**Data segment**
* * * * * * *
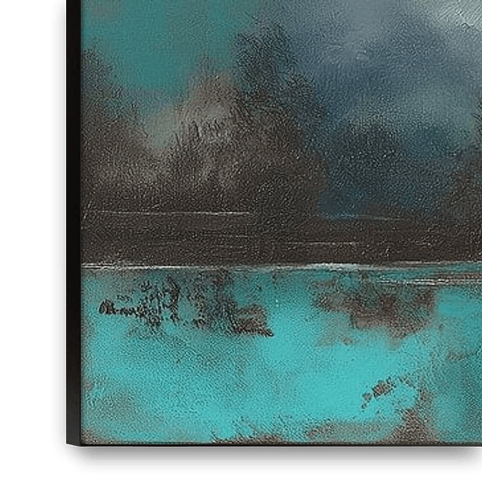 Morning Mist and Reflection - Looking at the surface, you can see how the artist played with layers and washes: broad, transparent areas for the sky, soft scratches and short, rough strokes for the row of trees and the water's edge. The tree shapes are dark and almost graphic, with a grainy texture that contrasts with the liquid sheen of the water. The colours speak in one tone: cool turquoise and aqua dominate, interspersed with sandy and creamy washes and muted greys that suggest the mist. This abstract painting works as a translation of a morning by the water — not literally, but as a memory of light falling through mist, at the border between sky and reflection. Hanging this painting in a living room, hall or bedroom brings tranquillity, a quiet movement and an elegant, natural colour accent that combines well with wood, linen and stone finishes.
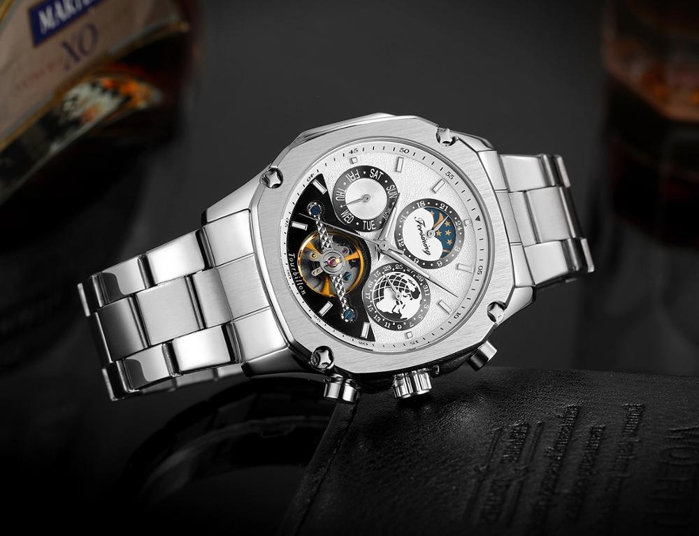 Forsining Automatikuhr Herren Mechanisch Silber Edelstahl Mondphase Automatik
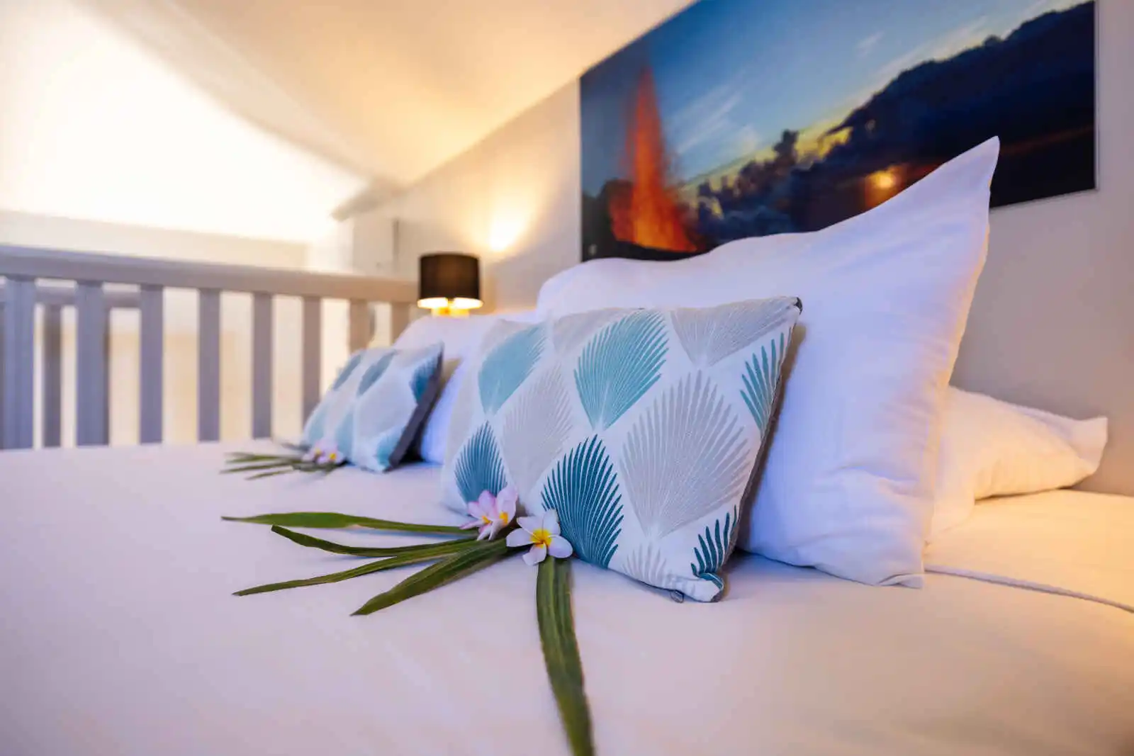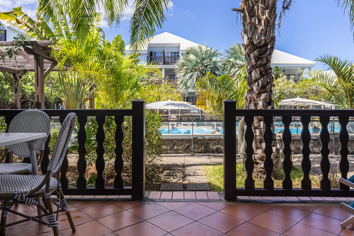 10 duplex de 51 m² (réunion d’un studio et d’une chambre standard) avec une varangue privative de 9 m² et un balcon de 4 m² pouvant accueillir 4 adultes et 1 enfant de -12 ans ou/et 1 bébé, vue piscine, 2 salles de douche, 1 grand lit + 2 lits individuels à l’étage.
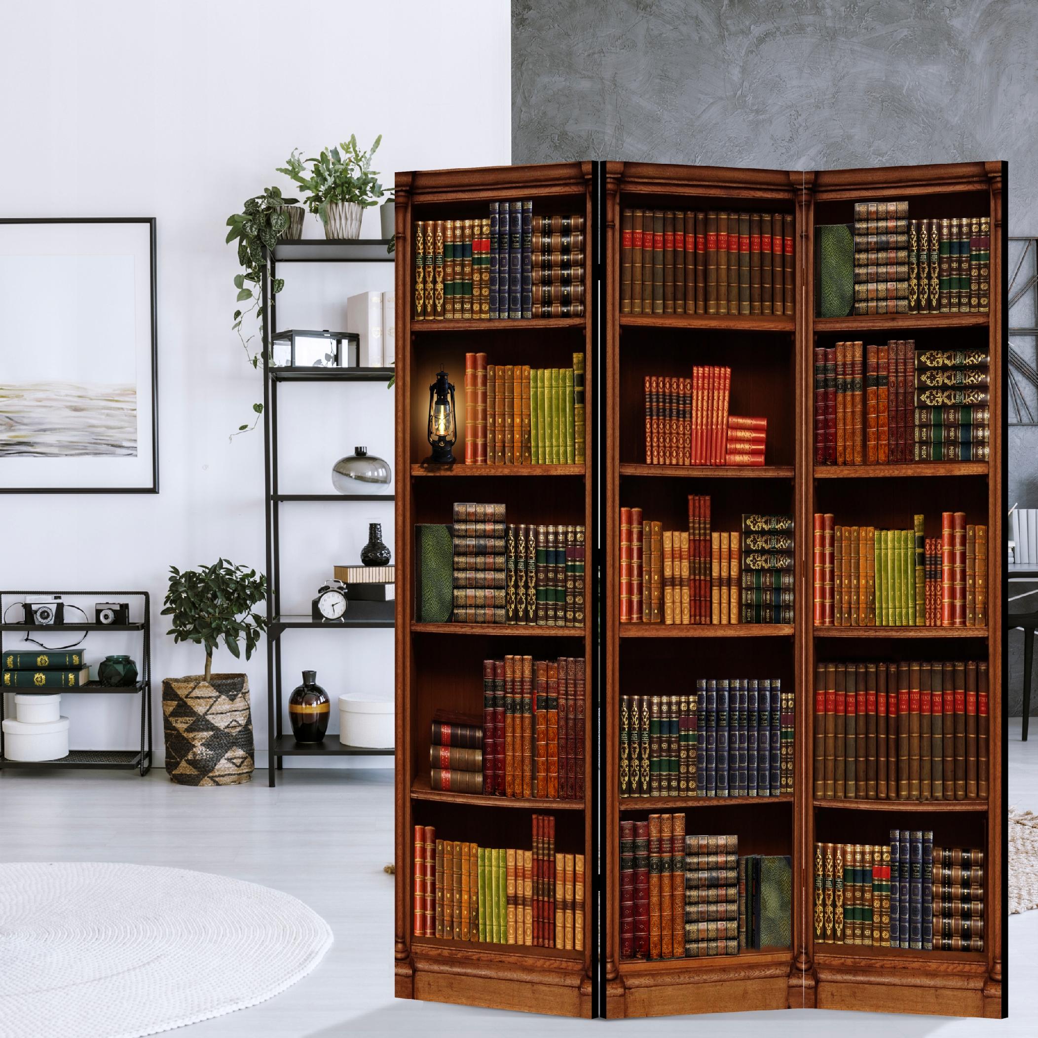 Parawan dekoracyjny pokojowy dwustronny Ścianka 135x172 Książki Rustykalny
* * * * * * *
**To do**
Return only the part above that opens with the line containing "Forsining Automatikuhr Herren" and closes with the line containing "10 duplex de", exactly and with both ends, skipping the pictures.

**Final answer**
 Forsining Automatikuhr Herren Mechanisch Silber Edelstahl Mondphase Automatik
 10 duplex de 51 m² (réunion d’un studio et d’une chambre standard) avec une varangue privative de 9 m² et un balcon de 4 m² pouvant accueillir 4 adultes et 1 enfant de -12 ans ou/et 1 bébé, vue piscine, 2 salles de douche, 1 grand lit + 2 lits individuels à l’étage.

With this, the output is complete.